Uncovering FTX Bankruptcy: Reserves, SBF, Alameda & Binance
  • Industry News
  • Alameda
  • Binance
  • FTX
  • Proof of Reserves Audit

17 Nov 2022

The spectacular downfall of one of the biggest exchanges unfolded like an action movie. It had everything: Sam Bankman-Fried’s fall from grace, wriggling with Alameda, Binance’s whipsaw, VC funds losing their stake, a hack that was an inside job, infinite market attention, federal investigation, and unprecedented calls for transparency via Proof of Reserves (PoR) Audit. Let’s review FTX’s bankruptcy in detail.
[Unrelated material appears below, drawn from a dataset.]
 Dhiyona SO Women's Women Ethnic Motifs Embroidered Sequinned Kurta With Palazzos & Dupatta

Cryptocurrency industry struggles for mainstream credibility

The major and most damaging implication of FTX’s saga is that the cryptocurrency industry once again falls out of favor with mainstream adoption. FTX pushed for exactly this type of credibility with enormous PR stunts, such as getting Miami Arena naming rights and running Super Bowl commercials. It turns out that sponsorships cannot beat integrity. The blow is especially devastating because insiders perceived FTX as one of the most stable exchanges in the unconstrained crypto industry. Sam Bankman-Fried (SBF), the CEO of FTX, had backing from Sequoia Capital and Lightspeed Venture Partners, two of the largest venture capital funds. Binance was one of the early investors in FTX. 

One can only wonder what sorts of dangers are hidden in less publicized companies. No reason to be overly optimistic. We have no data on assets, liabilities, and net cash positions. Under current circumstances, we are confident that 95% of CEXs are gambling with client deposits.

What Happened to FTX?

FTX went from a $32-billion top-tier “blue chip” cryptocurrency exchange to being effectively dead. 
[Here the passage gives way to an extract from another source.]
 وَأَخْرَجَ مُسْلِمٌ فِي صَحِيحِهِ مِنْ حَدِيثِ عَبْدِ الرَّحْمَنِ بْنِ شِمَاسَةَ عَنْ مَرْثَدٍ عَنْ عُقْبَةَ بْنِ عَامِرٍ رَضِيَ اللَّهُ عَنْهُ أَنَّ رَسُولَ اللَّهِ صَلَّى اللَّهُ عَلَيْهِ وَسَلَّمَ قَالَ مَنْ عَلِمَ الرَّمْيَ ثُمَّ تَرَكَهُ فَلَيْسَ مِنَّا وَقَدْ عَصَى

  • The downfall started on 2 November when it became known that Alameda Research had too much FTT (FTX’s native token) on its balance, suggesting that Alameda and FTX formed an unhealthy bond that shouldn’t exist.
  • Binance’s CZ accelerated the downward spiral on Sunday 6 November saying they would liquidate all the remaining FTT on their books.
  • On Monday 7 November, Sam Bankman-Fried assured everyone, “FTX is fine. Assets are fine.” He later deleted the tweet.
  • Binance teased a life-saving bailout but eventually pulled out of the deal.
  • In 72 hours, investors withdrew $6 billion fearing the worst.
  • On Friday 11 November, FTX filed for bankruptcy as users were storming the platform to withdraw their funds.
  •  After a bankruptcy announcement, an insider tried to move $450 million from FTX hot wallets under the disguise of a hack.
  • FTX couldn’t meet the demand and still owes around $8 billion to more than 100,000 creditors.
  • The SEC and the U.S. Justice Department are now looking into signs of misconduct when FTX propped up Almeda.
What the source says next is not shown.